I've been laughing nonstop.
Oct 11, 2019
Oct 8, 2019
ANNABELLE COMES HOME (2019)
The haunting and deeply questioned career of demonologists/paranormal investigators Ed and Lorraine Warren seemed like the very last thing that would lend to a cinematic shared universe, but after the two main Conjuring entries, an army of spinoffs has pervaded theaters since—all of them based on otherwise insignificant details from the series.
After The Conjuring, Warner Bros. moved forward with Annabelle, directed by The Conjuring’s director of photography John R. Leonetti. It made for only a mediocre experience due to its weak script, weaker ending, and uninspired casting, although it managed a handful of creepy scenes. Following The Conjuring 2, Warner then announced two spinoffs: The Nun, based on the creepy visage of demon nun Valak (which was only ever a machination of in-film Lorraine Warren’s imagination) and The Crooked Man, which is dated for a 2020 release. (If you can’t wait, there’s a direct-to-video knock-off starring Michael Jai White!) Following that came Annabelle: Creation, the prequel to the prequel to The Conjuring, directed by Lights Out director David F. Sandberg. To say that it’s better than Annabelle would be an understatement. It was actually one of the most frightening films of the year. Following that came The Curse of La Llorona, which didn’t have squat to do with the series, minus a small part where a familiar character shows up to influence that connection. (It doesn’t work, but that doesn’t matter, as the film itself was very bland.) Now there’s Annabelle Comes Home, the third and purportedly final entry in this particular offshoot of the Conjuring series, which comes under the helm of longtime series screenwriter Gary Dauberman (IT: Chapter One; IT: Chapter Two) making his directorial debut.
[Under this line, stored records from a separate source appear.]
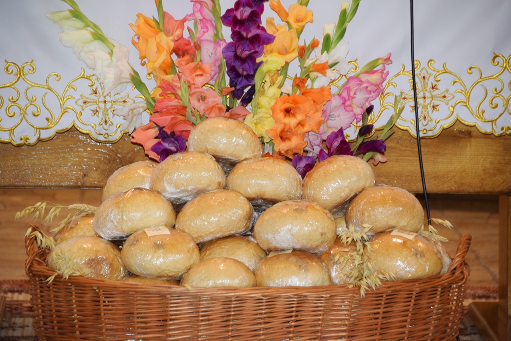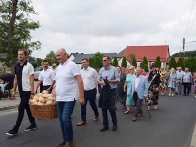 „Żniwne” pieśni wyśpiewały „Wrześniczanki” z Wrześnicy, a sołtys Noskowa – Stanisław Motykowski powitał wszystkich gości, dzieląc pomiędzy nich poświęcone bochny chleba, wypieczonego z tegorocznych zbiorów.
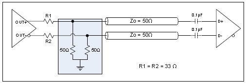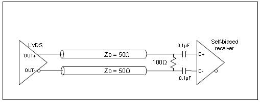 圖5:帶有內部端接和偏置的LVDS驅動器與自偏置差分接收器的連接
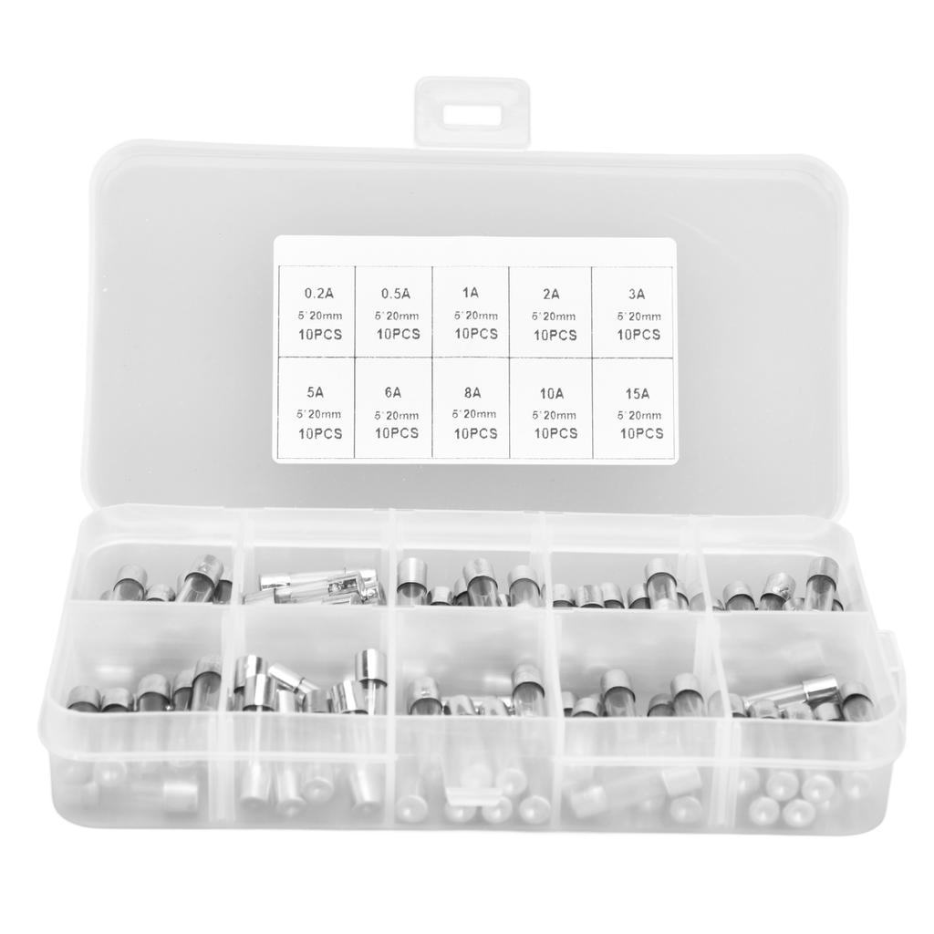 100 Stück Sicherung Schnellschmelzend Glas 0,2A 0,5A 1A 2A 3A 5A 8A 10A 15A 20A Set Kit zum Schutz
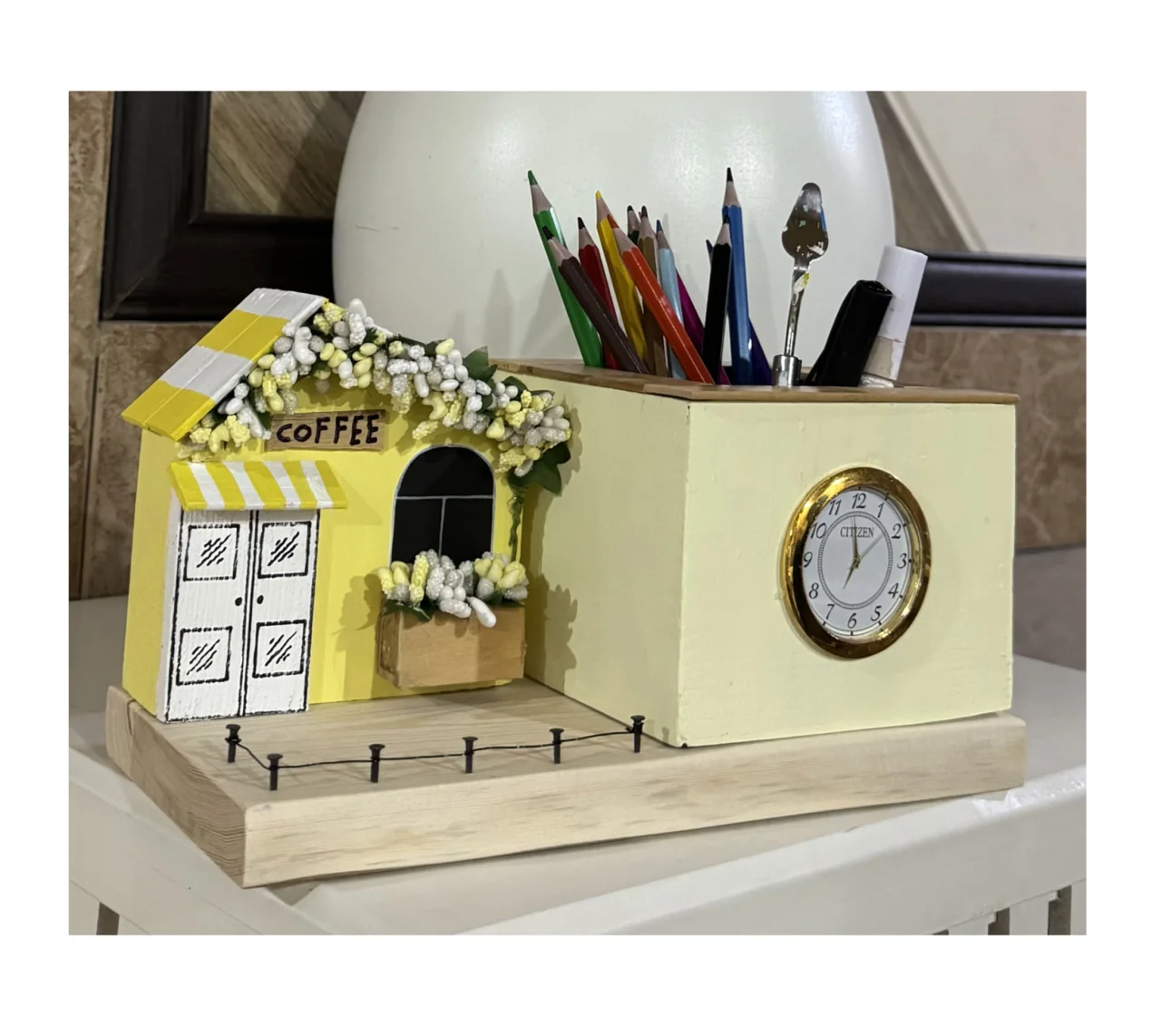 تابلو و جاکلیدی دیواری چوبی رنگ زرد مدل روستا و دهکده

The Annabelle series rides kind of a stupid concept: a creepy looking doll that demons like to hang out with. That’s…primarily it. Though the first Annabelle wasn’t by any stretch a “good” film, it didn’t turn the doll into some kind of living Chucky doll murderer that sprang to life at night and set up booby-traps around the house. It respected the maturity and class of the Conjuring series by maintaining the idea of the doll being used as a conduit by demonic entities and it didn’t take any ridiculous liberties. Annabelle Comes Home follows that same mold, with results more effective than the first film, though not as successful as the second. However, to be fair, Annabelle Comes Home is designed differently than the previous outings. Annabelle vied to feel as much like The Conjuring as possible but without being able to rely on ghostly visages. Annabelle: Creation, however, pushed supernatural horror to its breaking point, turning the events in that isolated farmhouse into something disturbing, in part due to some graphic violence the consistently R-rated series had otherwise avoided. Annabelle Comes Home is The Conjuring meets Poltergeist (aka Insidious) – a fun, spookshow experience designed to feel like you’re walking the narrow halls of a haunt during the Halloween season. It’s the highest concept yet of the series, one built on pure scares, and made with the mindset of, “Hey, let’s just have FUN.” A horror version of Night at the Museum, Annabelle Comes Home literally brings to life previous cases (allegedly) investigated by the Warrens, or artifacts tied to said cases, and these come in different forms.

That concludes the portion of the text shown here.